Aunque a las empresas o a sus CEOs no les guste, el Estado debe poner recursos en PREVENIR sobre todo aquello que arriesga la vida, sea el exceso del alcohol, así como la ingesta silvestre de medicamentos, o cruzar la calle mirando la pantallita del celular y en todos los casos difundir razones, riesgos y secuelas.
Prevenir, prevenir y prevenir. Un Estado con actitud de cuidado, previene y protege como regla y sólo como excepción utiliza el reprimir.

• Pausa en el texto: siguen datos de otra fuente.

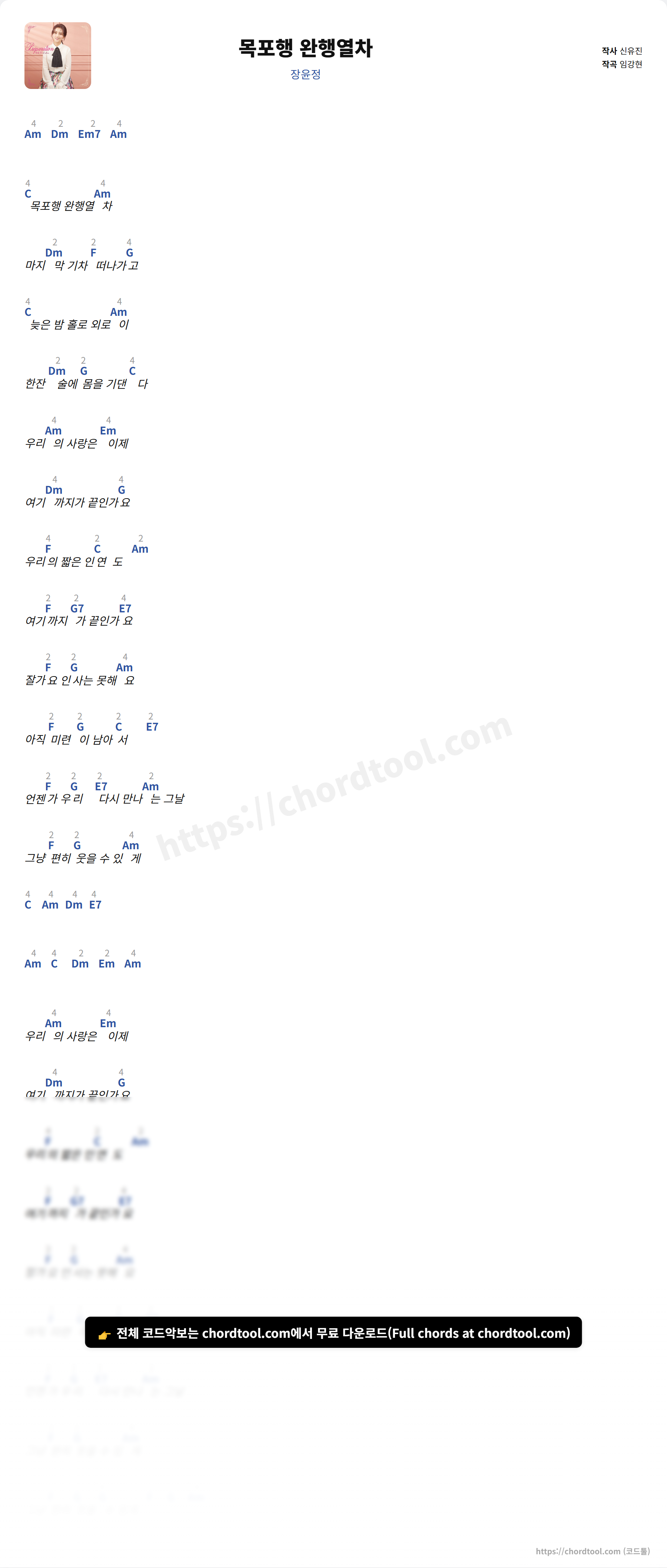 장윤정의 목포행 완행열차 가사를 확인할 수 있습니다. 곡 정보와 함께 연주에 필요한 코드, 악보 제공 여부도 함께 정리했습니다.

Así se anticipa a los hechos para no tener que lamentar después.
Pero para llegar a la masa social, hay que hacer campañas sostenidas y fuertes.
No se está haciendo difusión en temas que requieren protección masiva y popular, apenitas un poco sobre el dengue, muy floja. No se habla más sobre los preservativos, ni hay consejos sobre el tránsito, ni sobre la alimentación y la salud, ni sobre el respeto y la convivencia.

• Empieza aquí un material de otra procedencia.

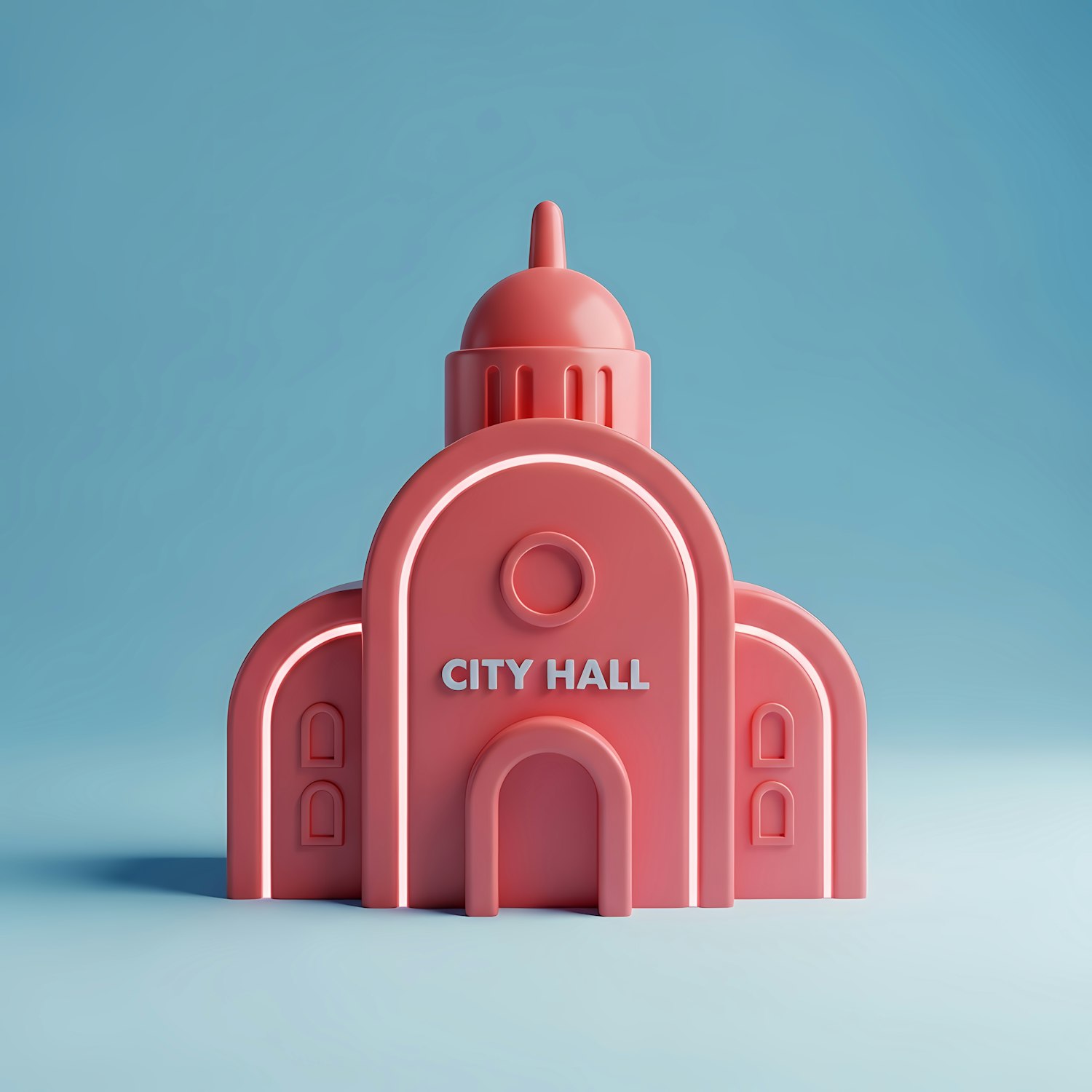 A vibrant 3D model of a city hall building in coral pink with a dome and arched features, set against a light blue background.

Los comunicadores que fatigan micrófonos o pantallas contándonos la catástrofe del día o las rutas de la corrupción, también podrían hacerse cargo de difundir cuidados positivos. Sería buenísimo ese rol solidario.
Concluyendo: los argentinos hemos ganado la democracia y van ya tres generaciones nacidas y crecidas en libertad, pero nos olvidamos que la libertad exige responsabilidad. Y que el estado no se ha depurado totalmente, sino que mantiene su impronta amonestadora, que para cada problema inventa una norma y su sanción, o un protocolo imaginativo, pero no cuida a la gente, no previene sobre los riesgos. No protege.
Parecería que la ilusión omnipotente del “a mí no me va a pasar” convive hasta en los despachos oficiales sin sobresaltos, hasta que un día inesperado se descuelga la implacable realidad y embarra hasta el currículum más laureado.